Troubleshooting

This page covers the most common errors and how to resolve them.

Environment Issues

“Environment not configured”

Symptom: The environment status bar shows “Not configured” and processing does not start.

Solution:

  1. Click Configure Environment in the status bar.

  2. Follow the Environment Setup Wizard.

  3. Make sure you have created the Conda environment or venv before configuring the plugin.

See Environment Setup for step-by-step instructions.

“Python executable not found”

Symptom: The wizard reports it cannot find the Python executable.

Solutions:

  • Conda: Make sure the environment name is correct and matches what you created with conda create -n <name>. The wizard searches standard Conda installation paths. If your Conda is installed in a non-standard location, use the Browse button to locate python.exe (Windows) or python (Linux/macOS) manually.

  • venv: Check that the path in the wizard points to the root of the virtual environment folder (the folder that contains Scripts/ on Windows or bin/ on Linux/macOS).

  • System Python: Check that the path points directly to the python or python3 executable.

“torch not found” during verification

Symptom: Verification shows torch: NOT FOUND.

Solution: Activate the environment and install PyTorch:

# Conda
conda activate semanticseg4eo
pip install torch torchvision --index-url https://download.pytorch.org/whl/cpu

# venv
source ~/semanticseg4eo_env/bin/activate  # Linux/macOS
# or
C:\semanticseg4eo_env\Scripts\activate     # Windows
pip install torch torchvision --index-url https://download.pytorch.org/whl/cpu

Then re-run Verify Environment in the wizard.

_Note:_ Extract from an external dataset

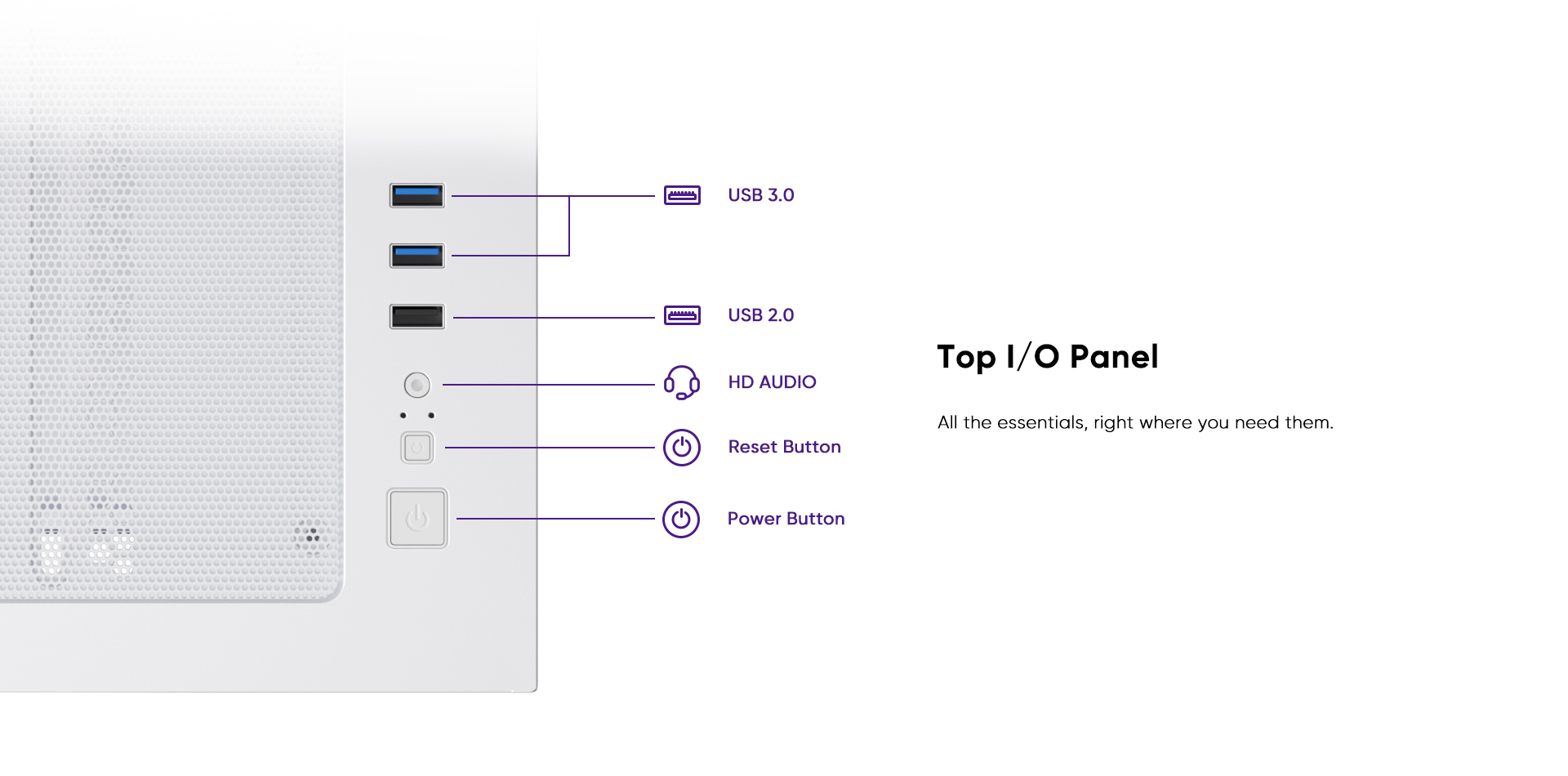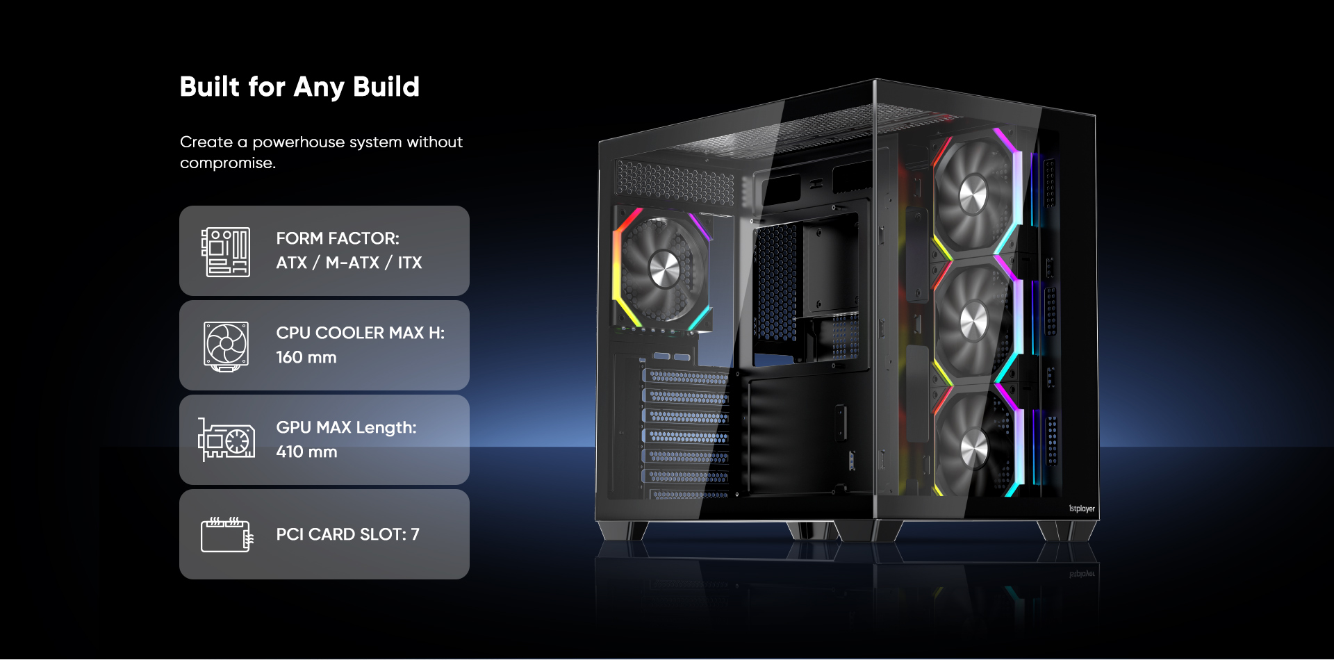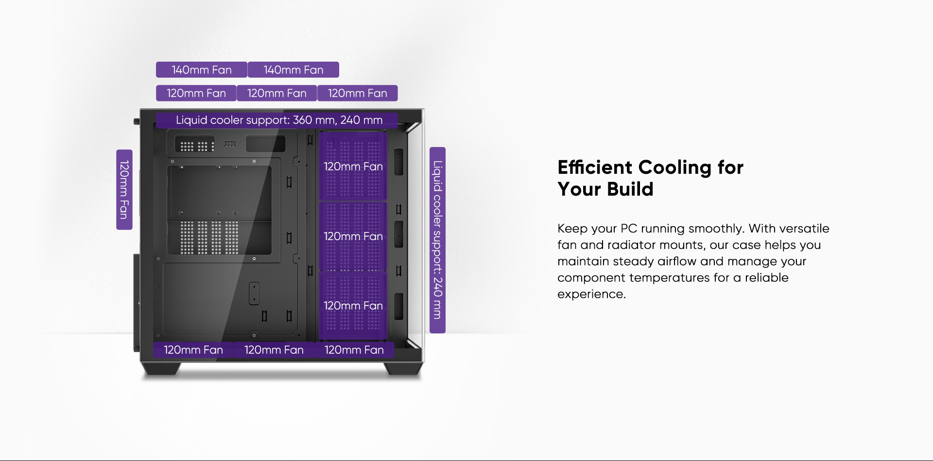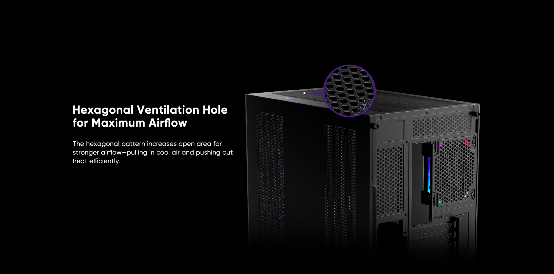 Front and side panoramic tempered glass panels,designed to deliver an uninterrupted wide-angle view of your components

“segmentation_models_pytorch not found”

Symptom: Verification shows SMP not found. Architectures like unet, deeplabv3+, etc. are unavailable.

Solution:

conda activate semanticseg4eo
pip install segmentation-models-pytorch

“transformers / timm not found”

Symptom: SegFormer, HRNet, or SwinUNet throw import errors.

Solution:

conda activate semanticseg4eo
pip install transformers timm

Patch Extraction Issues

“No matching pairs found” (batch mode)

Symptom: Batch extraction reports No matching pairs found and exits.

Solutions:

  • Check that your files follow the expected naming convention: Image_1.tif, Label_1.tif, Image_2.tif, Label_2.tif, …

  • The match is case-insensitive, so image_1.tif also works.

  • If your files use a different naming scheme, expand Advanced Options in the batch mode group and enter custom regex patterns with a capture group for the numeric index. Example: survey_(\d+)_rgb for files like survey_01_rgb.tif.

CRS mismatch warning

Symptom: The log shows a WARNING: CRS mismatch! message.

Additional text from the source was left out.